Bisexuel : comprendre la bisexualité, dépasser les idées reçues et affirmer son identité

User avatar placeholder
Ecrit part Velvet Divine

avril 15, 2026

Je me souviens très précisément de la première fois où j’ai laissé cette pensée m’effleurer sans la repousser. Ce n’était pas une révélation spectaculaire, ni une scène digne d’un film queer incandescent. C’était plus subtil, presque imperceptible. Une sensation. Un regard qui s’attarde un peu trop longtemps, une émotion qui ne rentre dans aucune case. Et surtout, ce vertige délicieux : et si je n’étais pas obligée de choisir ?

La bisexualité ne surgit pas toujours comme une évidence. Elle se glisse, elle murmure, elle questionne. Elle dérange aussi — parce qu’elle refuse les lignes droites, les récits simples, les identités rassurantes.

Alors aujourd’hui, je vais poser les choses avec précision, avec élégance, mais sans compromis : être bisexuel·le, ce n’est ni une confusion, ni un fantasme, ni une étape. C’est une manière d’exister dans le désir, dans l’attachement, dans le monde.


Qu’est-ce que la bisexualité ? (définition claire et inclusive)

La bisexualité est une orientation sexuelle caractérisée par une attirance — émotionnelle, romantique et/ou sexuelle — envers plus d’un genre.

Et non, cela ne signifie pas “aimer les hommes et les femmes à parts égales”. Cette vision est simpliste, presque archaïque.

Une définition moderne de la bisexualité

Aujourd’hui, la bisexualité est comprise comme une attirance plurielle, qui peut inclure :

C’est une orientation fluide, nuancée, profondément personnelle.

Bisexualité, pansexualité, fluidité : quelles différences ?

On me pose souvent la question, presque comme une tentative de catégorisation urgente.
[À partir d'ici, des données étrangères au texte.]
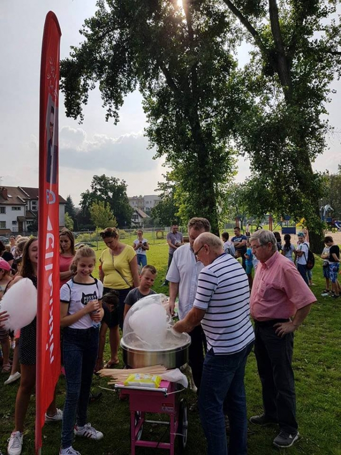 Podczas festynu zbieraliśmy podpis poparcia pod projektem darmowych przejazdów komunikacją miejską dla uczniów szkół podstawowych oraz za budową integracyjnego wodnego placu zabaw.
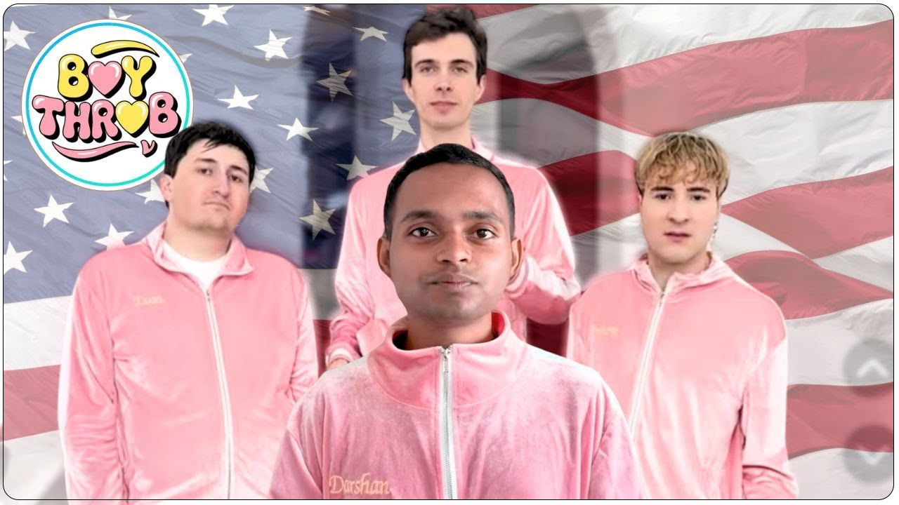 And now, back to TikTok, because we’re not going to leave you for 2025 without talking about Boy Throb. You can completely bin everything we’ve said above. That’s right, just ignore it. Ana Andjelic? Wrong. Product is absolute priority? Insane. If you’re Boy Throb, you can spike from zero to 1 million TikTok followers in a month. All you need is four guys in matching pink tracksuits, one member stuck in India (Darshan), and a solid hook: the requirement for followers to “prove” he qualifies for a US work visa. They perform covers but change the lyrics to be about getting Darshan a visa. Darshan appears via laptop screen.

  • Bisexualité : attirance pour plusieurs genres (sans nécessité d’exhaustivité)
  • Pansexualité : attirance indépendamment du genre
  • Fluidité sexuelle : évolution possible du désir dans le temps

Mais soyons honnêtes : ces frontières sont poreuses. Et parfois, les mots servent autant à s’exprimer qu’à se protéger.

Le “B” dans LGBTQIA+ : une invisibilité persistante

La bisexualité est paradoxale : omniprésente dans les fantasmes, mais souvent effacée dans les récits.

On la tolère mal parce qu’elle refuse la logique binaire. Elle dérange parce qu’elle ne simplifie rien.

Lire mon article :  Film lesbien : les incontournables, les nouveautés et où les voir en streaming

Comment savoir si je suis bisexuel·le ? (guide introspectif)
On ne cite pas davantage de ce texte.